The frequency of membrane proteins that are paralogous within a tandem cluster, where each membrane protein is classified according to the number of transmembrane segments and the size of the cluster to which it belongs. The criterion for a paralog is the same as in Figure 1. The frequency is counted separately for three functional groups: (A) ABC transporters; (B) transporters other than ABC transporters; and (C) membrane proteins of other functions. In total, 256 clusters (13.0%) contained such pairs of paralogous membrane proteins, and among them, 98 (38.3%) were those of ABC transporters, 37 (14.5%) were those of other transporters, 63 (24.6%) were those of the other functions, and 58 (22.7%) were those of hypothetical functions (not shown).
The membrane proteins for the transporters other than the ABC transporters are shown in Figure 2B. The cluster sizes of cation ATPases are three in most cases. Membrane proteins with 10 predicted transmembrane segments and in the cluster of size three are sodium- and calcium-transport ATPases. Clusters of larger sizes (>3) are a mixture of membrane proteins of various kinds, though some of them are still hypothetical proteins and thus their functions could not be assigned. Membrane proteins with clusters of other functions (Fig. 2C) are clearly differentiated into two groups: those with a larger cluster size (∼6) and many transmembrane segments (∼12) and those with a smaller size (∼3) and a few transmembrane segments (1 or 2). The former group corresponds to the complexes of membrane proteins in the respiratory chain, namely, NADH dehydrogenase and cytochrome c oxidase. The latter group corresponds to various kinds of membrane proteins, including peptide synthase, kinase, methyl-accepting chemotaxis protein, surfactin synthase, and others.
The observation made here may be used for functional assignment of membrane proteins without any sequence similarity to known proteins. In fact, a simple rule of discriminating transporters can be established according to the frequencies of transporters and nontransporters. When a tandem cluster of membrane proteins contains paralogs, and if the number of predicted transmembrane segments and the size of the cluster are in the range shown in Figure 3, then the cluster is likely to be a transporter. A darker box in Figure 3 represents higher likelihood, which is defined in three levels according to the relative frequency and the absolute number of transporters in Figure 2. Level 1 corresponds to the relative frequency of 0.85 or higher with ⋝12 observed instances. Levels 2 and 3 correspond to the relative frequency of 0.8 or higher with ⋝5 and 3 instances, respectively. Although this empirical rule is derived from a small number of samples, we believe that it is still useful to obtain any functional clue to the large number of genes left unassigned in the completely sequenced genomes. In our data set there were 55 tandem clusters containing paralogs whose functions were not known. Based on this empirical rule we predict seven transporters which are shown in Table 5.

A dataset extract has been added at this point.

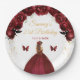 Este elegante y glamuroso plato de fiesta de cumpleaños presenta una hermosa princesa con el pelo castaño en un vestido de bola rojo oscuro. El texto combina el guión manuscrito y las fuentes sans serif modernas para un aspecto elegante y sofisticado. Los arreglos florales, mariposa y confitis dorada crean la mezcla perfecta entre rústico y moda. Gráficos de www.etsy.com/uk/shop/SunflowerDayLove

When a tandem cluster of membrane proteins contains paralogs, the cluster size and the numbers of transmembrane segments in paralogous membrane proteins may be used to assign functions. Here the likelihood of being a transporter (A or B in Fig. 2) rather than in another functional category (C in Fig. 2) is shown by the darkness in three levels, darker meaning more likely. The likelihood is defined by the relative frequency and the absolute number of transporters in Figure 2 (see text for details).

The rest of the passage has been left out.